El repudio era cotidiano, y la falta de liderazgos, junto con la desconfianza de aliados cercanos, llevó a
una entrega del poder casi incruenta. A pesar de la debilidad militar, los partidos políticos no aceleraron
el proceso de transición, dejando a Bignone cierta libertad de acción.

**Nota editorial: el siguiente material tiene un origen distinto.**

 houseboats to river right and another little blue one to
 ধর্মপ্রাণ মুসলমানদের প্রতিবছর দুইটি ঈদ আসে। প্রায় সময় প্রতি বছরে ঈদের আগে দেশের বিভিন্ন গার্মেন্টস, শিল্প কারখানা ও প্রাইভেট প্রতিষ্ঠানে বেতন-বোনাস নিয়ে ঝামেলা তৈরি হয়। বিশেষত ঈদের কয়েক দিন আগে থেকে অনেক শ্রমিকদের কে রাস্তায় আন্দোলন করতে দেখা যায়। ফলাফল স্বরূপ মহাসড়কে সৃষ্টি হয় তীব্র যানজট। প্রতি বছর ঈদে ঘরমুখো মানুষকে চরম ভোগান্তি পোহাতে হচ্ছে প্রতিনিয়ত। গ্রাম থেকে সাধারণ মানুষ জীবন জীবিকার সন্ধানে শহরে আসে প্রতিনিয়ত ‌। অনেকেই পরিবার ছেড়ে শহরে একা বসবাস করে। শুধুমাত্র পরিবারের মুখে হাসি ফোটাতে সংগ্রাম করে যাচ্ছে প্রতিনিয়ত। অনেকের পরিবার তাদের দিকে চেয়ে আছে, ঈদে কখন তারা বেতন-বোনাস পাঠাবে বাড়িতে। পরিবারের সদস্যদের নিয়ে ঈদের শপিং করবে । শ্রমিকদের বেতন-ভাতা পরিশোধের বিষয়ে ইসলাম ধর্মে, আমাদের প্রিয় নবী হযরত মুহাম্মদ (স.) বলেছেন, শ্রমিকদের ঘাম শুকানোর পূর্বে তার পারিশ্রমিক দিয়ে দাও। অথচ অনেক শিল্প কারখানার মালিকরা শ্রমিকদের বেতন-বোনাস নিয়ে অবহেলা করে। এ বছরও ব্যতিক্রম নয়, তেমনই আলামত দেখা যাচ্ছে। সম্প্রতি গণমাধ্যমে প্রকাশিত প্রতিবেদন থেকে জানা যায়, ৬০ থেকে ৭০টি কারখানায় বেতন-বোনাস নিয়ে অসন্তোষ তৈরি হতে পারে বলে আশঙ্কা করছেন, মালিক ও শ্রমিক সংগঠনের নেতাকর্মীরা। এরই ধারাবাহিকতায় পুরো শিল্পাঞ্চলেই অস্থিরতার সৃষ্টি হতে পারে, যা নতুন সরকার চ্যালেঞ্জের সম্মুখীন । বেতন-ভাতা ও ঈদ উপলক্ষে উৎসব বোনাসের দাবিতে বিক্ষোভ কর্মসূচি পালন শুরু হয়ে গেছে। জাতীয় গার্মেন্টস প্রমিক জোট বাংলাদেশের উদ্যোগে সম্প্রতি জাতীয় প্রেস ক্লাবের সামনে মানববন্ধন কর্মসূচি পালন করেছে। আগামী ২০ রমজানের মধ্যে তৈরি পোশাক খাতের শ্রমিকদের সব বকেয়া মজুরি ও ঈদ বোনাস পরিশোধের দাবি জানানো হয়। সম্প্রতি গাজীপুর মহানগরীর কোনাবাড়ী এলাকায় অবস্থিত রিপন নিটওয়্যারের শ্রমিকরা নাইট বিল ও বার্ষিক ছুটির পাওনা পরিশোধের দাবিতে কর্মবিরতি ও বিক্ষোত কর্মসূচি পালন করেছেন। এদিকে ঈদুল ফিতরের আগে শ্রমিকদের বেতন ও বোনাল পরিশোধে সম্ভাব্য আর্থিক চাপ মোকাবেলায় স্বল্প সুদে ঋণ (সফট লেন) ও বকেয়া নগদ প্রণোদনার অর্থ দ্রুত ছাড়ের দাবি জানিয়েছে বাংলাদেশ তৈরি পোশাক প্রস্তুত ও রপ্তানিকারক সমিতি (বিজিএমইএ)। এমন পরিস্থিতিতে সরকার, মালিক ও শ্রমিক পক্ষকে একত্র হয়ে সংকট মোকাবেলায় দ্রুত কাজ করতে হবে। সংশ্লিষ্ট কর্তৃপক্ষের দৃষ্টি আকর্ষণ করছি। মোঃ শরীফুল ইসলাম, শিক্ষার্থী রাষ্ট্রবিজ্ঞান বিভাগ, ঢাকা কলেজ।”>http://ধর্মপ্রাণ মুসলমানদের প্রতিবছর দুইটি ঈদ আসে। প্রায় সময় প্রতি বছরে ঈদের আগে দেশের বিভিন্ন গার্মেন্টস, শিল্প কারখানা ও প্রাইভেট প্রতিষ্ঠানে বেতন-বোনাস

Bignone, a pesar de la debilidad del gobierno, tomó decisiones significativas para congraciarse con
empresarios y sindicalistas, desactivando conflictos distributivos. Aunque el déficit fiscal y la inflación
aumentaron, se implementaron medidas para apaciguar tensiones. Los partidos, ocupados en otros
asuntos, no ejercieron demasiada presión sobre Bignone. La transición hacia la democracia se gestó con
cierta docilidad, pero el gobierno, aunque débil, influyó en decisiones que condicionarían a sus
sucesores.

Los partidos políticos, enredados en sus propios conflictos, permitieron la transición a la democracia. Los
sindicatos, recuperando fuerza, lideraron campañas y controlaron instancias de conducción. La fórmula
presidencial peronista fue impulsada por sindicalistas, designando a Ítalo Luder y Deolindo Bittel. A
pesar de la falta de carisma de la fórmula, se creía que el peronismo era la única opción legítima para
gobernar.

Sin embargo, en la UCR, una profunda renovación liderada por Alfonsín durante la transición le permitió
imponerse en la interna. El repudio al régimen militar y a las Fuerzas Armadas, en aumento, expresaba
la necesidad de cambiar una página de la historia. La transición retomó el relato del Proceso como la
conclusión de un ciclo de decadencia iniciado en 1930. El consenso democrático y republicano, aunque
inédito, se consolidó en sectores medios y algunas clases populares.

Este nuevo consenso democrático coincidió con la desigualdad de condiciones y la exclusión social de
amplios sectores. La política de partidos debía abordar estos problemas con recursos escasos. La
transición cerraba el largo ciclo de inestabilidad política, pero la democracia debía enfrentar nuevas
formas de conflicto y desigualdad. La adhesión a la democracia nacía más de la conciencia de que las
alternativas habían fracasado que de convicciones firmes, y la tarea de la democracia era lidiar con
problemas aún difíciles de percibir y comprender.